Peltigera serusiauxii

Scientific classification
- Domain: Eukaryota
- Kingdom: Fungi
- Division: Ascomycota
- Class: Lecanoromycetes
- Order: Peltigerales
- Family: Peltigeraceae
- Genus: Peltigera
- Species: P. serusiauxii
- Binomial name: Peltigera serusiauxii Magain, Miadl., Goffinet & Ant.Simon (2020)

= Peltigera serusiauxii =

- Authority: Magain, Miadl., Goffinet & Ant.Simon (2020)

Species of lichen

Peltigera serusiauxii is a species of foliose lichen in the family Peltigeraceae. It is found in Papua New Guinea and Sabah, northern Borneo (Malaysia). It was described as a new species in 2020 by Nicolas Magain, Jolanta Miadlikowska, Bernard Goffinet, and Antoine Simon.

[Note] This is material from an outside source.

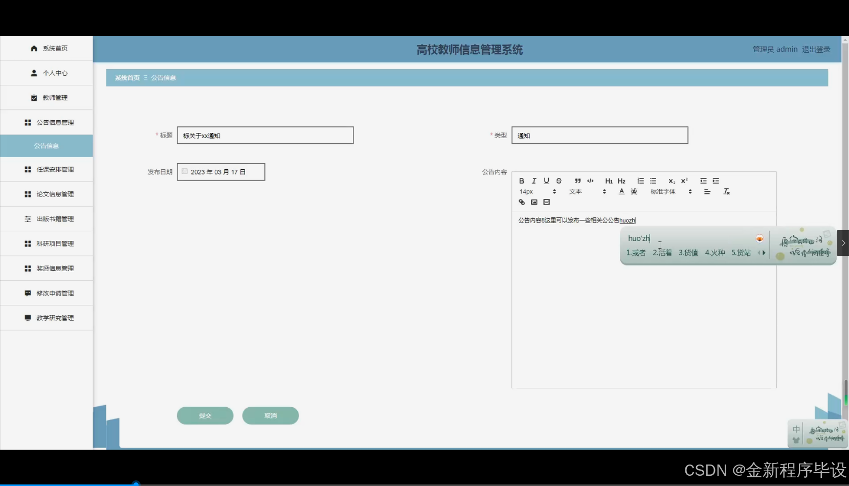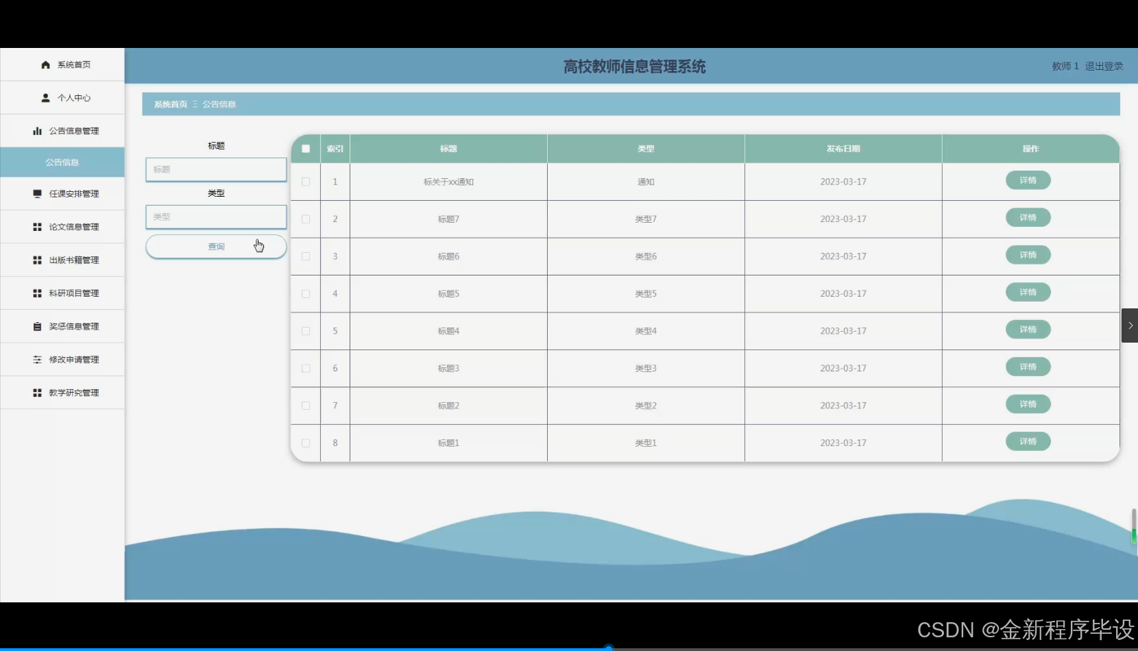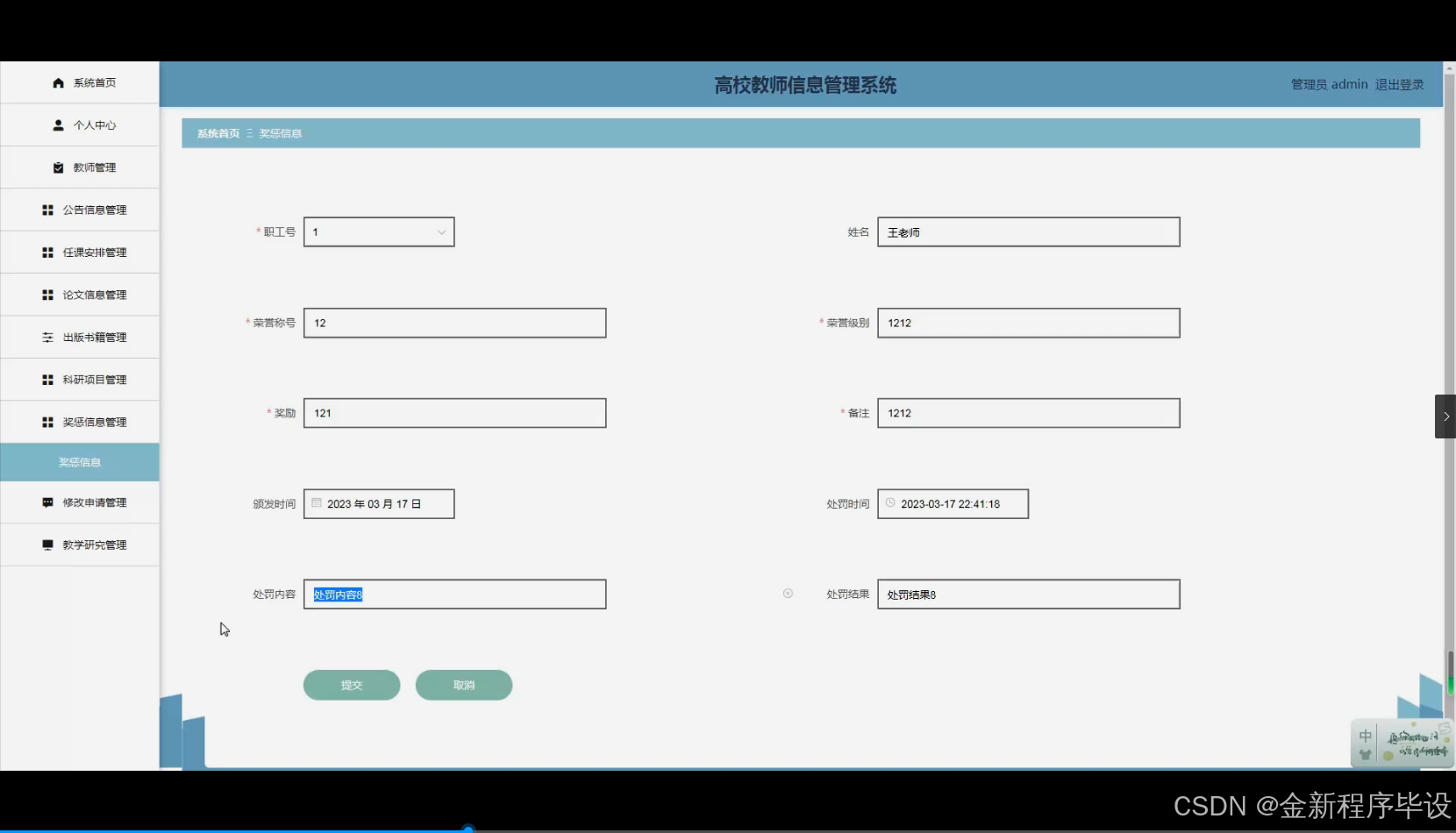 - 现实意义:在现实中,高校教师的信息管理涉及多个方面且日益复杂。构建这样一个全面的教师信息管理系统,能够提高高校对教师信息管理的效率,方便高校在教师任课安排、科研项目跟进、教学研究等多方面进行精准决策,同时也有助于教师及时了解自己的奖惩信息、公告信息等,从而提升整体的教学和科研质量。

The type was collected in Mount Gahavisuka Provincial Park (Eastern Highlands Province), where it was found growing in a mostly undisturbed mossy mountain forest dominated by chinquapin trees. The specific epithet honours Belgian lichenologist Emmanuël Sérusiaux, "who substantially contributed to our understanding of the world-wide diversity of Peltigera, especially in Papua New Guinea where he collected the type material among several other specimens of this new species".